Pampered, protected, innocent Caroline. Nothing like him .
It had been years since she’d annoyed him with her riddles, months since he’d last seen her.
He barely thought of her at all anymore.
But the riddles had brought her roaring back to life. He shifted, uneasy.
He must focus on the answer, must figure out which one to give. There was the answer the other men were so confident of, the one that appealed to their prurient minds. And there was the other one—the innocent one that would tumble from Caro’s red lips.
The dealer’s lips were red, and they’d shaped the riddle with glee, lingering over words like long , moisture , and lassies .
Back to Caro, then. Damn riddles. Of course that’d tug her into his mind, knocking down everything else. He rubbed his forehead above his brows and took another sip of wine before writing down his answer. “Done.”
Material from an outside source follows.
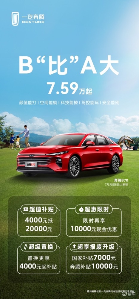 7.59万元起可以买中型车?奔腾B70的限时优惠能奏效吗

“Last to finish, Lord Foxton,” the dealer said. Those lips… they were not… the lips of a man.
Bloody hell. What an odd thought. But once he’d had it, he couldn’t shake it away.
They were not the lips of a man. And more than that, those cheeks had never seen a razor, had never known the need for one.
The delicate curve of that jaw—hardly the hard-boned promise of manhood found in boyish years.
He couldn’t unsee it now—rosy cheeks and long-lashed eyes.
The whole of the dealer’s face surrounding that mouth . Which meant…
“Mrs. Dove-Lyon,” Felix said, relaxing into the back of his chair and stretching out a leg beneath the table, “when will you introduce the bride?” He knew only that she was eight and twenty years of age, attractive, of good social standing, and wealthy.